Comparative Example 3
Prepare an electrolyte solution by dissolving tetraethylphosphonium tetrafluoroborate (Et ₄ P ⁺ .BF ₄ ⁻ ) at 1 mol / l in high-purity propylene carbonate in a dry nitrogen atmosphere at a dew point of −60 ° C. at room temperature. did. Table 1 shows the content of hydrogen fluoride in the electrolytic solution and the characteristics of an electric double layer capacitor produced using the same.

Example 3
40 g of the same tetraethylphosphonium tetrafluoroborate used in Comparative Example 3 was put into 100 g of methanol, dissolved by heating to 64 ° C., and then filtered while hot. The filtrate was gradually cooled to 5 ° C., and the precipitated crystals were collected by filtration, washed with methanol at 5 ° C., and then dried under reduced pressure. An electrolytic solution was prepared in exactly the same manner as in Comparative Example 3 except that tetraethylphosphonium tetrafluoroborate purified by this recrystallization was used. Table 1 shows the content of hydrogen fluoride in the electrolytic solution and the characteristics of the electric double layer capacitor produced using the same.

Claims (6)

  Production of a non-aqueous electrolyte for an electric double layer capacitor, characterized in that a fluorine-containing compound that has undergone a recrystallization step is dissolved in a non-aqueous solvent to obtain a non-aqueous electrolyte having a hydrogen fluoride content of 30 ppm or less. Method.   An electric double layer characterized by dissolving a fluorine-containing compound in a non-aqueous solvent and then adsorbing and removing hydrogen fluoride with an adsorbent to obtain a non-aqueous electrolyte having a hydrogen fluoride content of 30 ppm or less. A method for producing a non-aqueous electrolyte for a capacitor. An electric double layer capacitor characterized in that a compound containing fluorine is dissolved in a non-aqueous solvent and then heated under reduced pressure to remove water and hydrogen fluoride so that the content of hydrogen fluoride is 30 ppm or less. For producing a non-aqueous electrolyte for use. The nonaqueous electrolysis according to any one of claims 1 to 3, wherein the fluorine-containing compound is a quaternary ammonium salt or a quaternary phosphonium salt represented by the following general formula (I).
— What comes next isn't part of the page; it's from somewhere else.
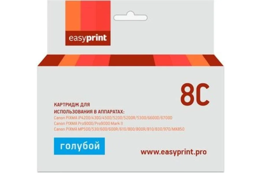 Картридж EasyPrint IC-CLI8C для Canon PIXMA iP3300/3500/4200/4200x/4300/4500/4500x/5200/5200R/5300/6600D/6700D/MP500/510/520/520x/530/600/600R/610/800/800R/810/830/970/MX700/850/iX4000/5000/Pro9000/Pro9000 Mark II (490 стр.), голубой, с чипом
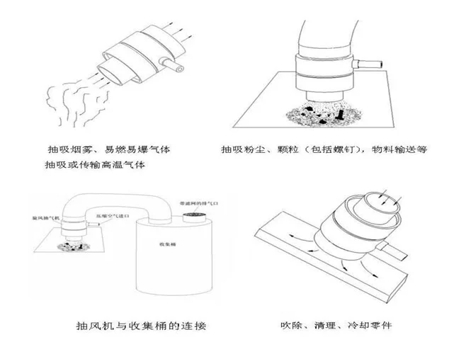 Всасывающая сторона пневматического конвейера обеспечивает сильный вакуум., За исключением транспортировки твердых материалов, удаления дымового газа для небольших участков, также подходит удаление пыли в местных районах., например, вдыхание дыма во время сварки и т. д. Несколько пневматических конвейеров последовательно, материал можно транспортировать дальше., выше.

Liquid manufacturing method.
(Chemical formula 1)
Q ⁺ X ⁻ (I)
(In the formula, Q ⁺ represents a quaternary ammonium group or a quaternary phosphonium group, and X ⁻ represents PF ₆ ⁻ , BF ₄ ⁻ , AsF ₆ ⁻ , N (CF ₃ SO ₃ ) ₂ ⁻ , C (CF ₃ SO ₃ ) ₃ ⁻ , SbF ₆ ^— and RfSO ₃ ^— (Rf represents a counter ion selected from the group consisting of 1 to 8 carbon atoms).   The non-aqueous solvent comprises at least a main component selected from the group consisting of propylene carbonate, ethylene carbonate, butylene carbonate, sulfolane, methyl sulfolane, dimethyl carbonate, ethyl methyl carbonate, and diethyl carbonate. The manufacturing method of the non-aqueous electrolyte of any one of 1-4.   The electric double layer capacitor which uses the non-aqueous electrolyte for electric double layer capacitors obtained by the manufacturing method of any one of Claims 1-5 as electrolyte solution.